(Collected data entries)
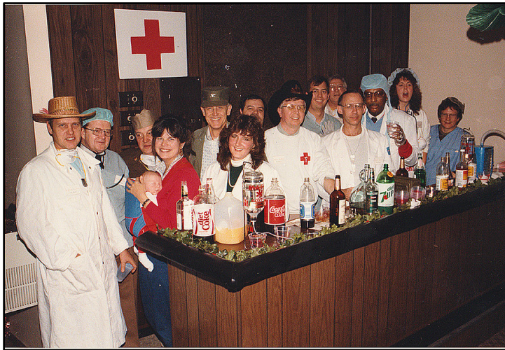
1985 ManTech Christmas Party
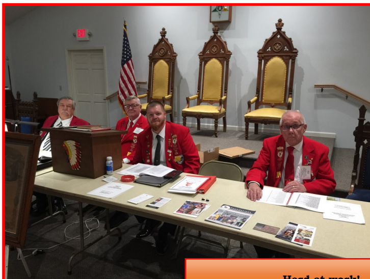
Hard at work!
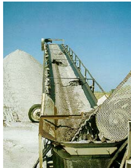
Figure 7 - The final product.
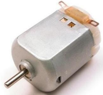
MT0002 MOTOR 3 - 6 VDC 3000 RPM
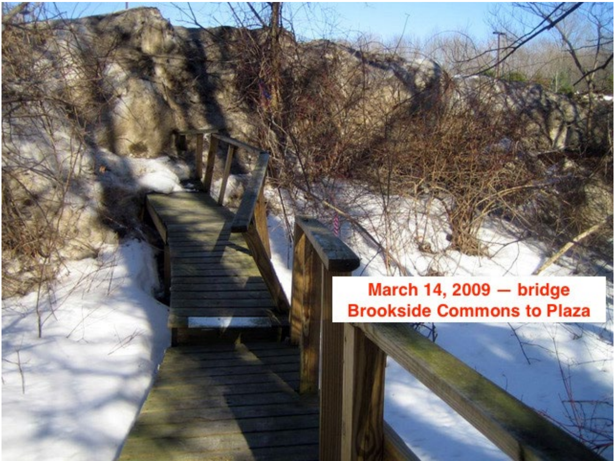
March 14, 2009 — bridge Brookside Commons to Plaza
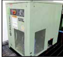
SULLAIR SRL-250 REFRIGERATED AIR DRYER
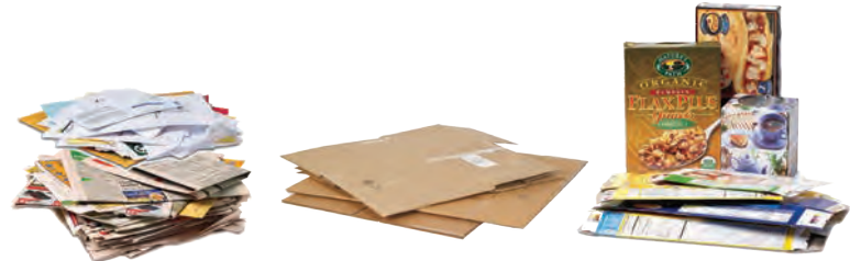
Clean Paper, Magazines, Newspaper, Cardboard, Junk Mail
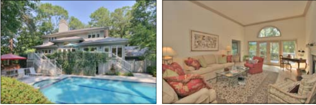
Wren Drive - 3 BR, 3.5 BA plus Den $1,295,000
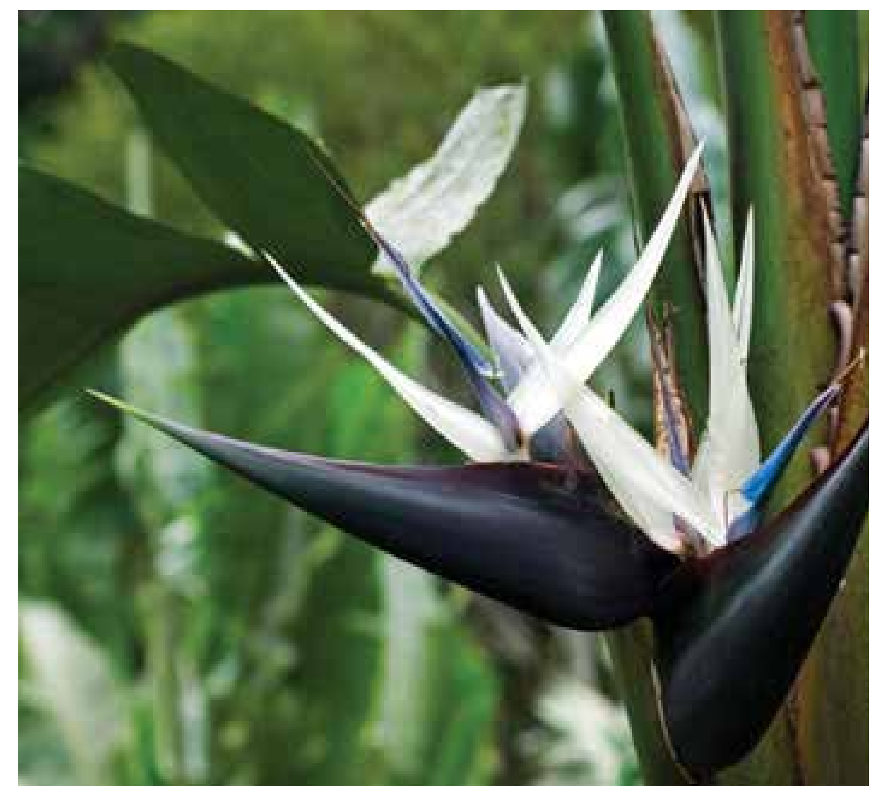
White Bird of Paradise - (15 gallon)
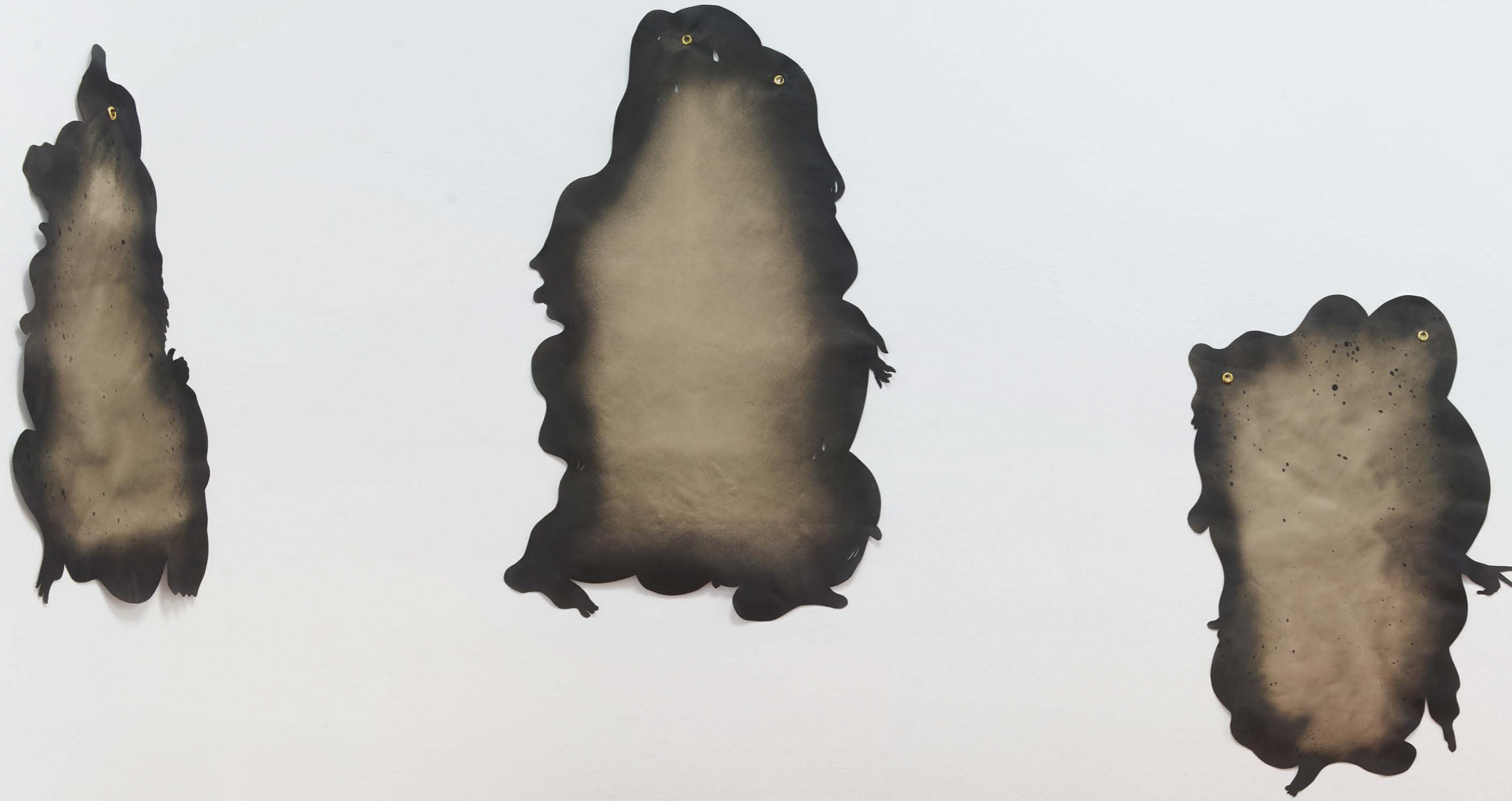
›Potatoes‹ synthetics 80 x 50 cm; 65 x 45 cm; 55 x 35 cm 2022
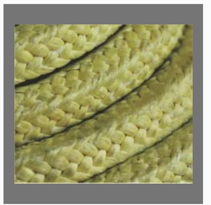
Non Asbestos Aramid Packing Gland

> [Assignment] The expected output is every entry, retyped exactly, with all pictures removed.

> [Response box]
1985 ManTech Christmas Party
Hard at work!
Figure 7 - The final product.
MT0002 MOTOR 3 - 6 VDC 3000 RPM
March 14, 2009 — bridge Brookside Commons to Plaza
SULLAIR SRL-250 REFRIGERATED AIR DRYER
Clean Paper, Magazines, Newspaper, Cardboard, Junk Mail
Wren Drive - 3 BR, 3.5 BA plus Den $1,295,000
White Bird of Paradise - (15 gallon)
›Potatoes‹ synthetics 80 x 50 cm; 65 x 45 cm; 55 x 35 cm 2022
Non Asbestos Aramid Packing Gland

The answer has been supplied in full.